▸ Listed records
· · · ·

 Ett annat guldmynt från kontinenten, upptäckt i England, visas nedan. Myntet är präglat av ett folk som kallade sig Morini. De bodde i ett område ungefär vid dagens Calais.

· · · ·

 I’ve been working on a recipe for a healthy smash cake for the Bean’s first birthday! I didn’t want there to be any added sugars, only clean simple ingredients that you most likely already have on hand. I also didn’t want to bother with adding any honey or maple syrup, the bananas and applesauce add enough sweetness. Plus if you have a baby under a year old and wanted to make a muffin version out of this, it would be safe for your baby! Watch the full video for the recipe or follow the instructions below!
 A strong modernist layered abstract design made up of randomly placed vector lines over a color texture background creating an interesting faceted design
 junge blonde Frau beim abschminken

· · · ·

Set down, unchanged, only those lines above that fall between the line with "I’ve been working" and the line with "junge blonde Frau beim abschminken", the two end lines included.

 I’ve been working on a recipe for a healthy smash cake for the Bean’s first birthday! I didn’t want there to be any added sugars, only clean simple ingredients that you most likely already have on hand. I also didn’t want to bother with adding any honey or maple syrup, the bananas and applesauce add enough sweetness. Plus if you have a baby under a year old and wanted to make a muffin version out of this, it would be safe for your baby! Watch the full video for the recipe or follow the instructions below!
 A strong modernist layered abstract design made up of randomly placed vector lines over a color texture background creating an interesting faceted design
 junge blonde Frau beim abschminken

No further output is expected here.